She has the biggest eyes I have ever seen. They are round and they are dark brown. Her eyelashes compliment the majesty of their bright presence. Those beautiful eyes either emulate joyousness or sorrow. Regardless, if they are being truthful or not. I cannot help but be sucked into a lie – knowingly.
Alas, as if she’s the only one.
I have a weakness. A weakness I often neglect and don’t acknowledge or allow myself to forget.
I wouldn’t call it a downfall. In more ways than one, it’s a blessing. One I wouldn’t give up for the world. You see, my heart explodes the moment I receive the attention of a child or children. They leave me bruised and ruin by the simplicity of their hearts, minds and souls.
On many occasions, I’ve found myself furious and in pain. Sometimes, I think I pull myself away from working with children because their parents aggravate me.
Dear parents – your children can feel loneliness, the weight of disappointment, hurt. They too have feelings. Although, young and seemingly ignorant, they are not. Do you know, all their actions reflect you? Their first observance and studying of another person (other than themselves) is you, mom and dad. They watch and then take action. If they yell, it’s because they saw you raise your ignorant voice.
And so, when she heard the words, “Christiana, ready to go?”
“Yeah,” she came running back into the room with tears.
She might have been driving me to craziness, but her tears weighed down my heart. I’d go crazy just to unburden this little five-year old.

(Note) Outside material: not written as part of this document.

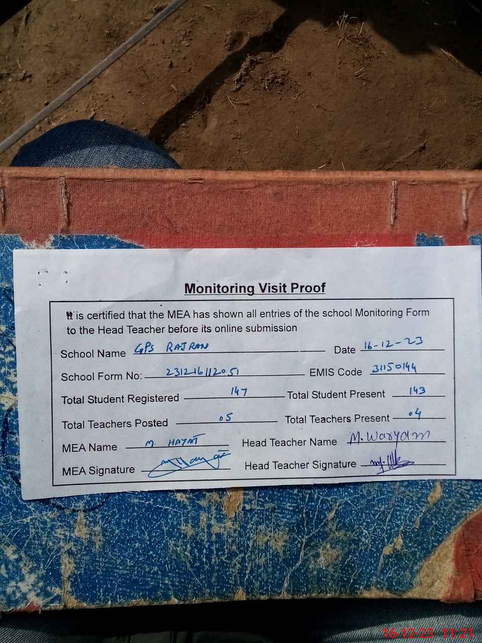 | Attendance Register | Head Teacher | MEA with School | Visit Proof |

“Don’t go, don’t go, don’t go,” she said, her eyes shined from her tears.
I pulled her near. Brushed her long hair behind her shoulders and squeezed her.
“I don’t want to play on my own again,” she muffled out.
“Shhh,” I soothed her. “I have to, but we’ll play again. When you come back, okay?”
She didn’t want to listen. She continued to disagree and cry. I learned (as I should remember) tonight, you can’t really reason with five-year olds. They don’t really care for logic.
“What’s going on?” Her grandma came in the room and I knew this wasn’t going to be good. I didn’t want to say anything, but of course I did.
“She just doesn’t want me to go…” I spoke, quietly – still holding her close.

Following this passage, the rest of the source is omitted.